An index fund will underdiversify by only selecting public companies, and over-represent companies with short-term interests (the total opposite of a pension plan!).
The underdiversification or index funds is a particular issue ex-US where stock markets only represent a few sectors.
Pension plans can sure screw up, but they can also be unbeatable.
They all have short term interests, since the people doing the investing aren’t going to be around for the whole ride. In theory, defined benefit pensions are great, but in practice I haven’t seen any evidence that they have sufficiently superior performance to make up for the possibilities of bad investments, corruption, etc.
That is atypical from what I see in the US. In the US, if the pension fund is doing well, that means the politicians offer the government employees unions better benefits, and so all the union members vote for them and since not enough other taxpayers vote against them, we just end up with inflated benefits.

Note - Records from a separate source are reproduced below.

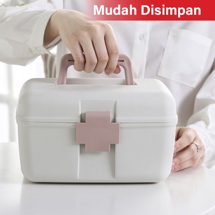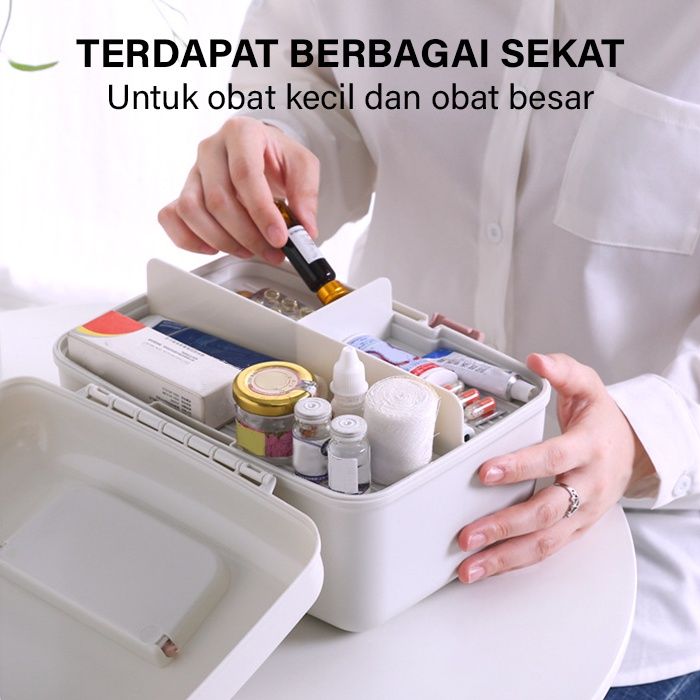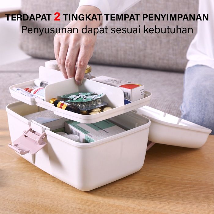 Kotak Obat Kotak Penyimpanan P3k Box Organizer Suplemen Dan Vitamin Dengan 2 Tempat Warna Putih Tulang dijamin Higienis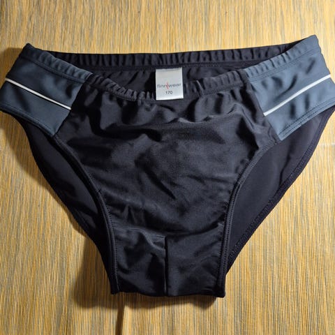 Miesten mustat Finnwear uikkarit koko S. Vetoketjullinen tasku.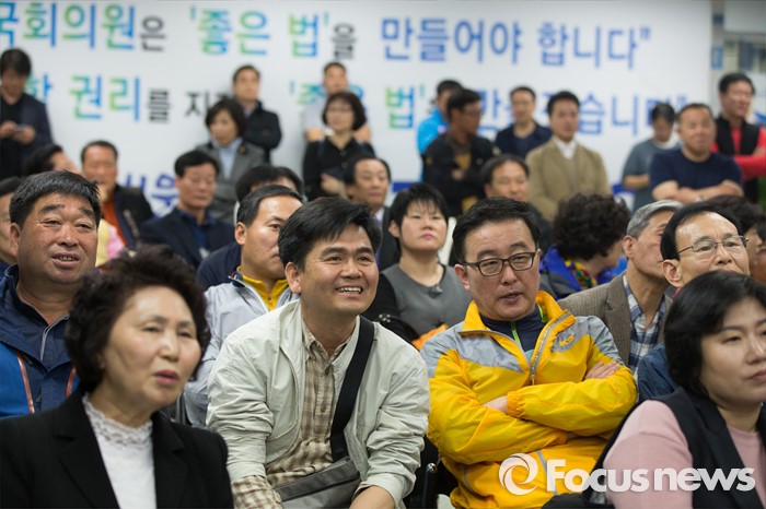 (서울=포커스뉴스) 13일 오후 서울 은평구 강병원 더불어민주당 은평구을 후보의 사무실에서 지지자들이 개표방송을 보고 있다.
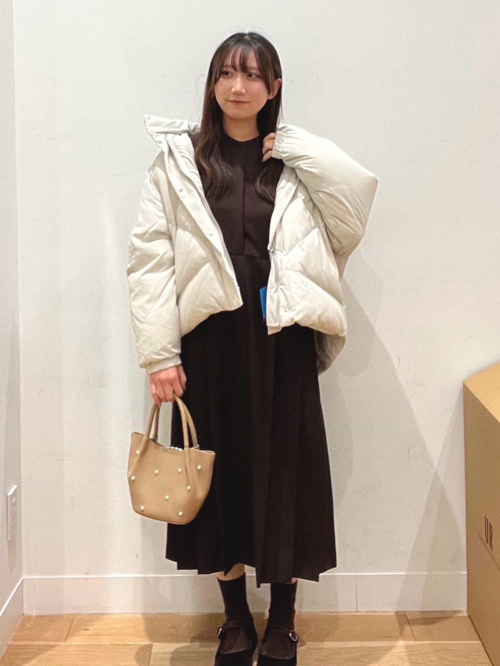 白のダウンジャケットをメインに、女性らしい冬コーデを組みました。❄️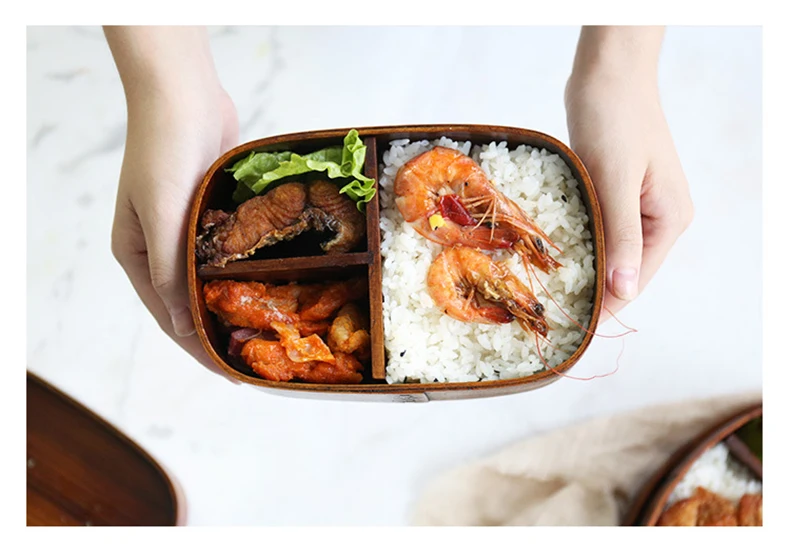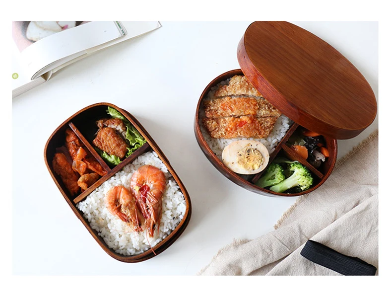 Деревянный Ланч-бокс в японском стиле, набор посуды с отсеками, ложкой, вилкой, палочками, круглая квадратная коробка для пикника, для студентов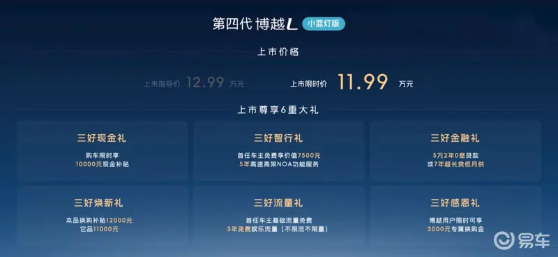 新车上市的同时官方还推出尊享6重大礼,包含购车限时享10000元现金补贴、首任车主免费享价值7500元5年高速高架NOA功能服务、5万2年0息贷款或7年超长贷低月供、本品换购补贴12000元它品11000元、首任车主基础流量免费3年免费娱乐流量(不限流不限量)以及博越用户限时可享3000元专属换购金。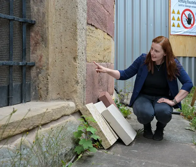 - Dombaumeisterin Hedwig Drabik erläutert, welches Material bei der Sanierung des Südostturms zum Einsatz kommt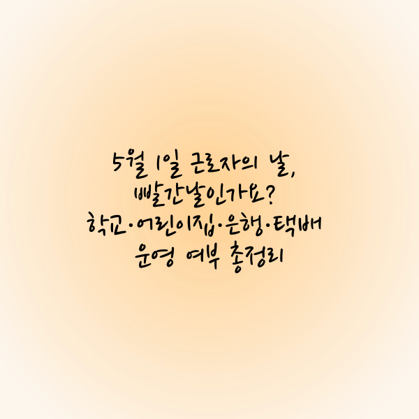 이번 글에서는 근로자의 날의 의미와 법적 지위, 그리고 학교·어린이집·은행·병원·공공기관·회사·택배·배달 등 주요 기관들의 운영 여부를 상세히 알려드립니다. 특히 학부모님들이 많이 궁금해하는 어린이집과 초·중·고등학교의 운영 여부도 다루니 끝까지 확인해 주세요!
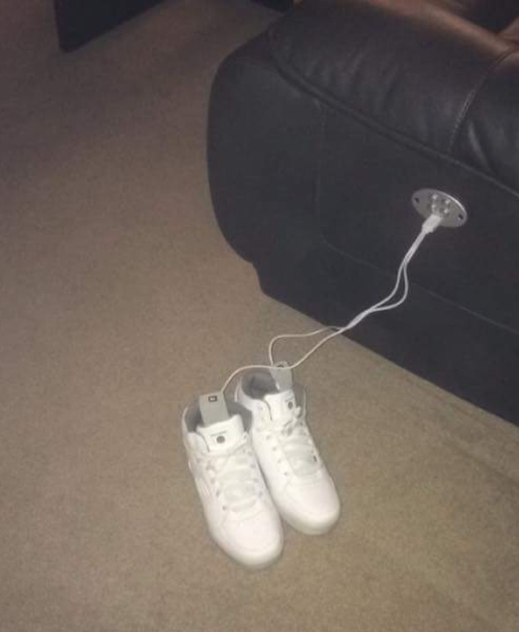 5. He’s charging his sneakers using the couch...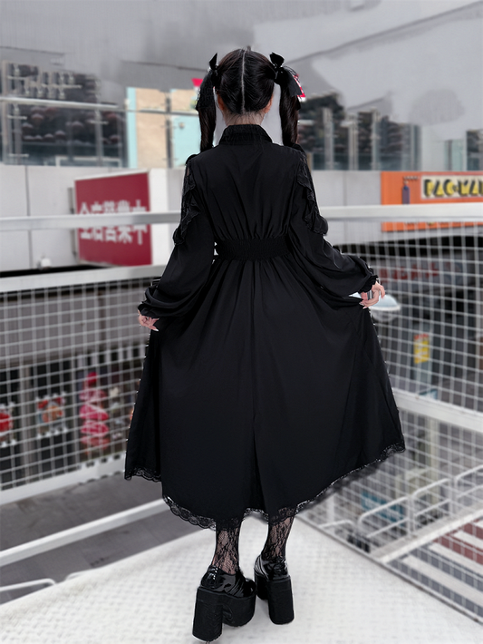 Lolita Gray Sleeves with Bell Black Dress Ruffled Gothic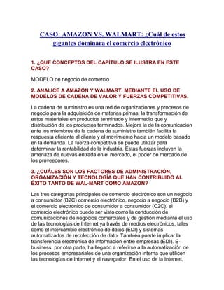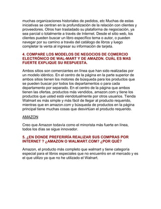 Este documento analiza y compara los modelos de negocio de comercio electrónico de Amazon y Walmart. Describe cómo ambas compañías han utilizado cadenas de suministro y fuerzas competitivas para tener éxito en este campo. También discute los factores tecnológicos y organizativos que han contribuido a su éxito, como la automatización de procesos internos y el enfoque en las relaciones con clientes. Finalmente, concluye que aunque los modelos de negocio son similares, Amazon sigue siendo el minorista en lí
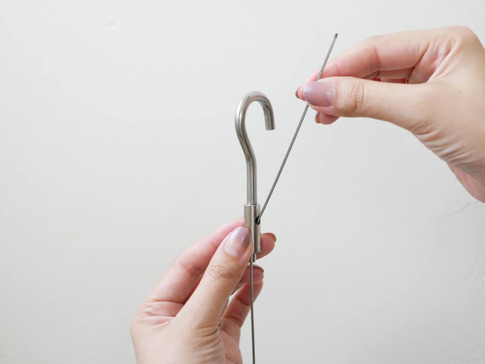 吊り下げ用のワイヤーは主張しすぎない細いステンレス製で、空間に合わせて長さを調節できます。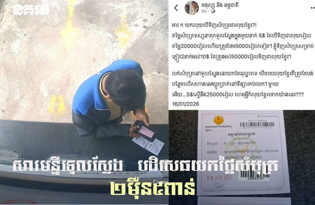 ខ្លឹមសាររបស់ម្ចាស់អាខោននេះ លើកឡើងថា “សំបុត្រ១ មានតម្លៃ ៥ដុល្លារ ប៉ុន្តែបើគិតជាលុយ ២ម៉ឺនហើយ ត្រូវថែម ៥ពាន់រៀលទៀត។ ហេតុនេះ ២សំបុត្រ ១០ដុល្លារ តែគិតជាលុយខ្មែរ គឺអស់ ៥ម៉ឺនរៀល”។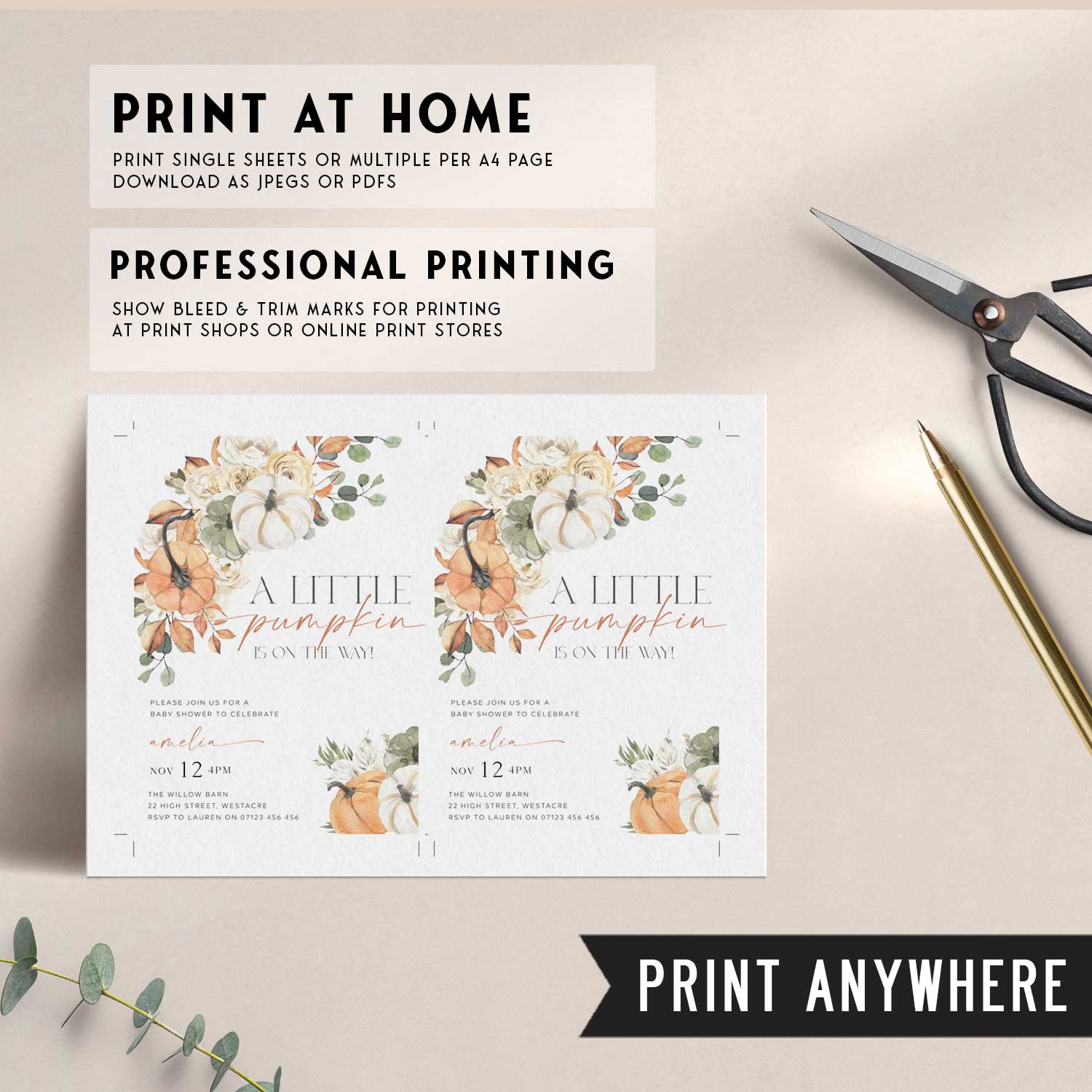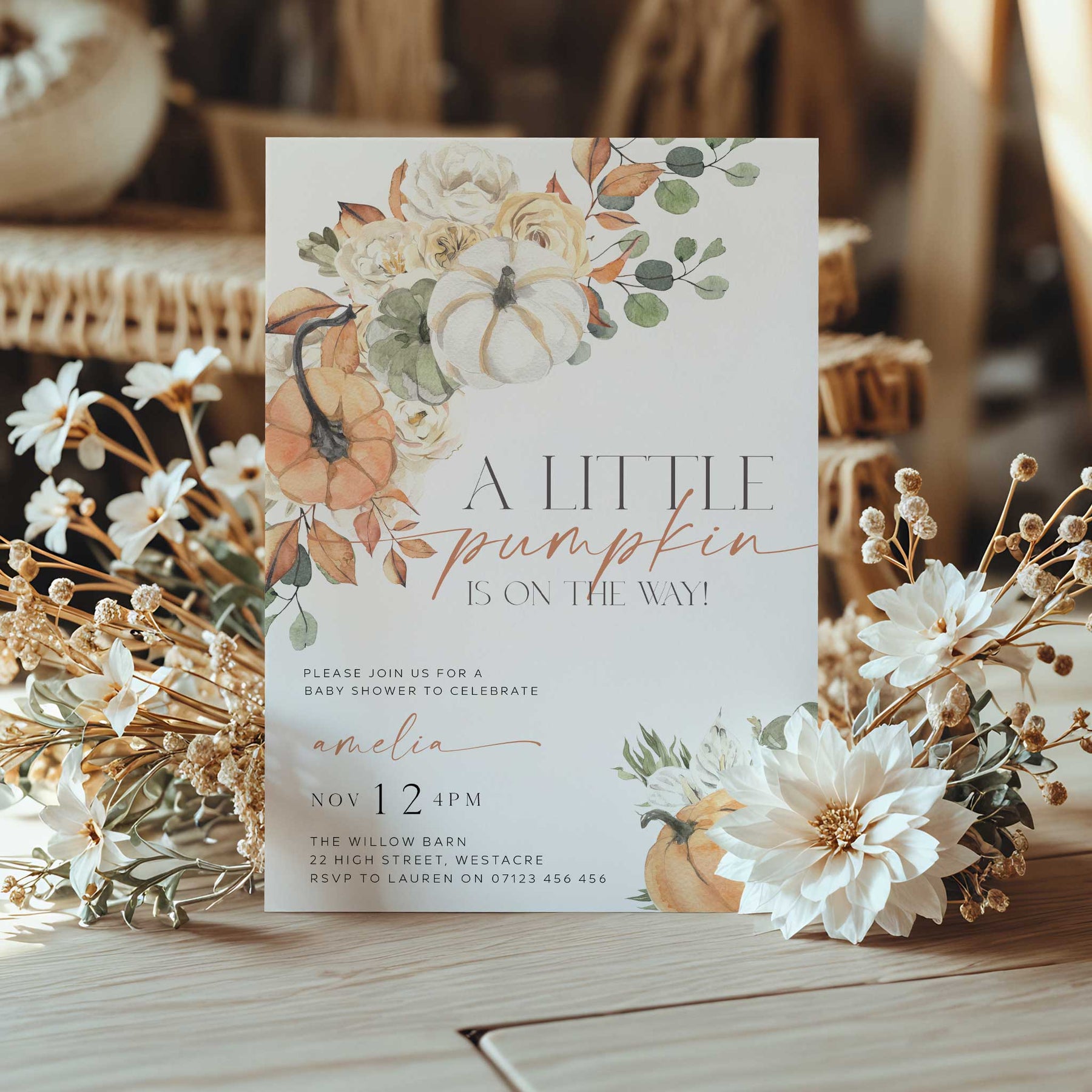 Celebrate the joy of new beginnings with our Little Pumpkin Fall baby shower invitation, adorned with gorgeous illustrations. This editable invitation is perfect for welcoming the arrival of a precious little one. Customise effortlessly and print today, it couldn't be easier.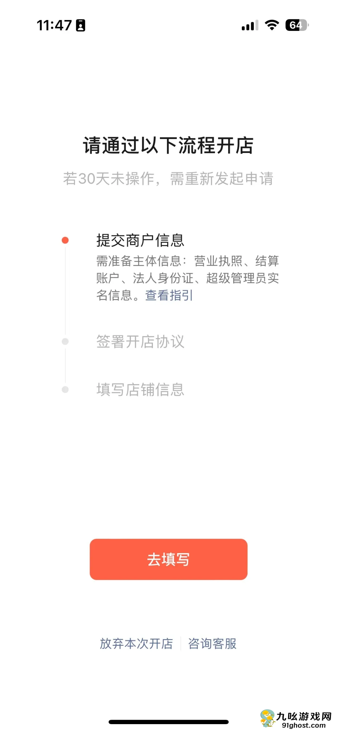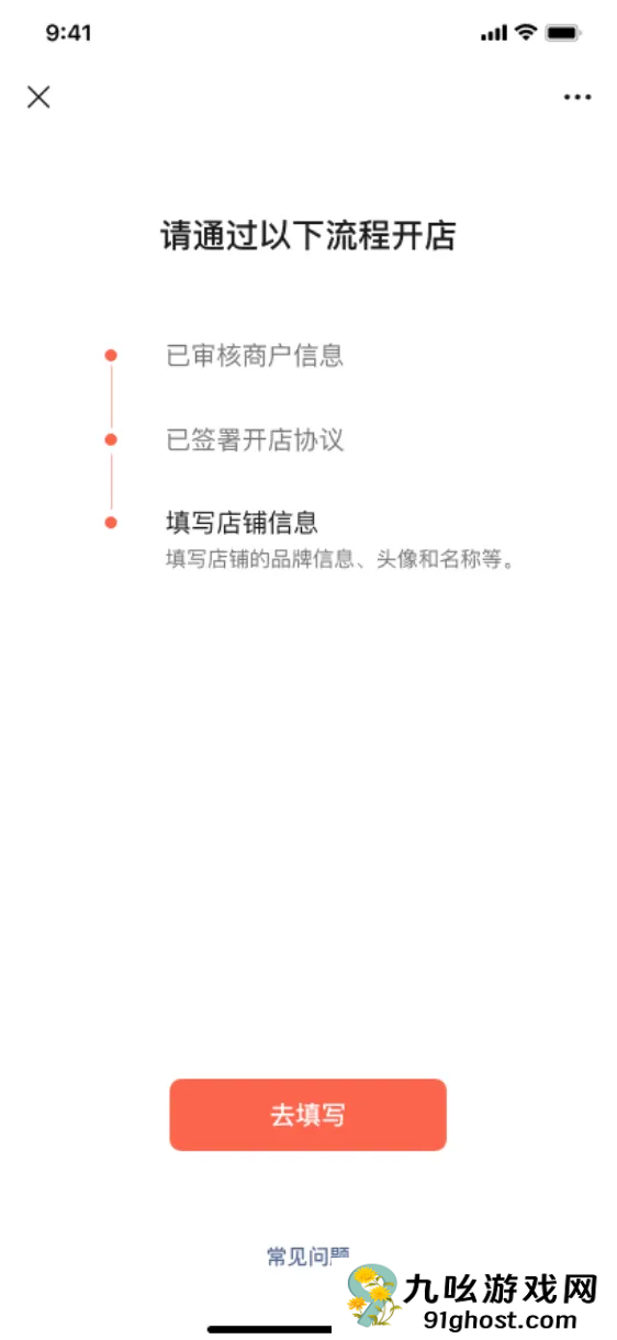 (1)成功「提交商户信息」和「签署开店协议」后,点击「去填写」即可进入提交店铺信息界面。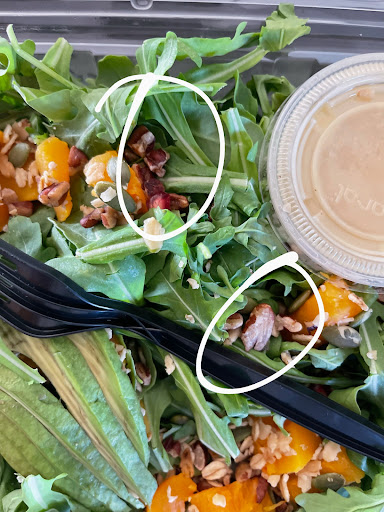 I brought the food to the work event and when I went to take a bite of my salad I realized that there were tons of pecans on top. It's a good thing I didn't eat any of it - my allergies are life-threatening and I could have easily died. It was incredibly frustrating to be the one to place the food order on behalf of 10 people, pick it up and deliver it to the event only to be left without lunch.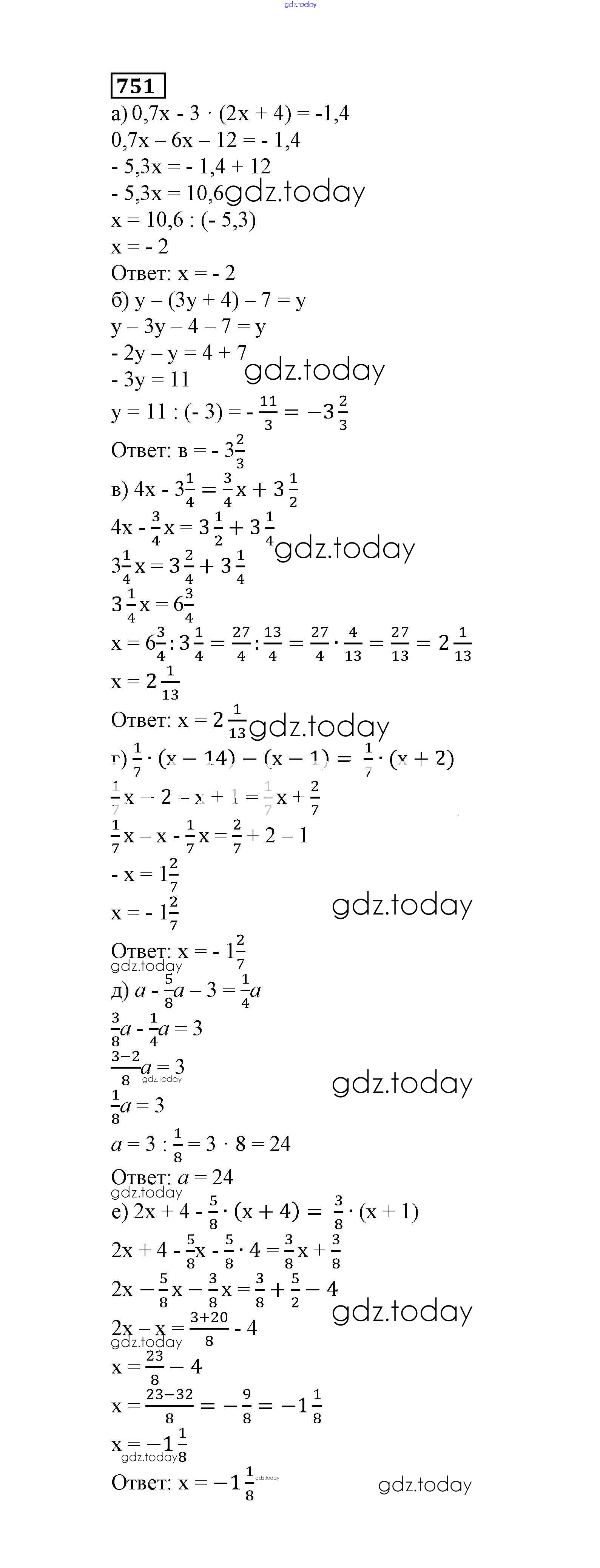 На страницах сайта gdz.today вы найдете учебный и вспомогательный материал, направленный на улучшения знаний школьной программы. ГДЗ - онлайн мир знаний Решение к заданиям 751 Учебнику по Математике для 6 класса Истомина Ассоциация 21 век 2015
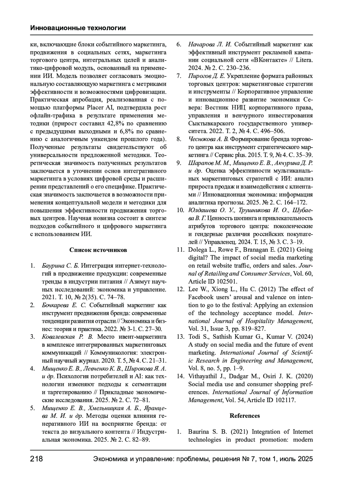 9. Шарапов М. М., Мищенко Е. В., Акчурина Д. Р. и др. Оценка эффективности мультиканальных маркетинговых стратегий с ИИ: анализ прироста продаж и взаимодействия с клиентами // Инновационная экономика: информация аналитика прогнозы. 2025. № 2. С. 164-172. EDN: ONVDXK

Pensions are a great thing if you work for the same company from 23 (right out of collage) until you retire at 65. How many reading this will work at the same company for 42 years though? For many the company you worked for is no more, others were laid off through no fault of their own. Most of the rest could stay at that first company in theory but there was a better opportunity that you had to not take (even if it turns out worse in hindsight). That doesn't leave very many to make it to retirement working for one company.
Then there is inflation. $5000/month for retirement sounds good now, but will it be when you actually get to retirement?
I wouldn't mind a defined pension. It's easier to plan for and also I think more efficient. With a 401k you have to save up a boatload of money just in case. If you live too long you may run out of money, if you don't live long, then you have a lot of money left. So it seems to me that it would be better to average it out over a lot of people. Pretty much the same as with health insurance where one people will need more, some people will need less so it's better to average out out over a large number of people.
The problem with opt-in annuities is that the seller charges a boatload to account for the risk of your longevity. I guess you would advise buying an annuity and stock in the annuity seller?
My chief complaint about semi-forced annuity purchases is that those that opt-out and retire without savings get back-stopped by the state anyway.
I tell everyone to figure out how much they need to live and put just enough in an annuity to give you that (rent, heat, food, insurance). The rest of your 401k (if anything!) is fun money.
Don't forget that you should have long term care insurance that covers a good nursing home (get this as soon as you retire when it is still cheap because odds are you will never need it).
With this plan you can outlive your savings and still have an okay life.
Just because something is regulated doesn’t mean it’s safe and definitely doesn’t mean it’s guaranteed. For example, US social security funds are solvent until 2035 according to our own government accounting[1].
It's not like it will disappear after 2035. Some adjustments have to be made like probably raising the retirement age but that doesn't mean that the system doesn't work.
Public pensions like the ones in Canada would be nice. From both the worker and government perspectives, they provide a lot of stability and can be planned for. Of course, it won't happen in the USA, I think, sounds too socialist for many people on the right.
What public pensions? Canada has the same setup as the US, and in fact, the US Social Security is a larger program per capita than Canada’s (I.e. high payouts).
We have basically three programs to provide income to retirees:
1) Canada Pension Plan, a worker-funded defined benefit pension managed by the government via an arms-length investment board.
2) Old Age Security, a guaranteed income program for everyone 65 and older.
3) Registered Retirement Savings Plan, an income tax sheltering program where you can contribute up to 18% of your income into registered accounts and have the contributions deducted from your taxable income. This gets drawn down during retirement for income.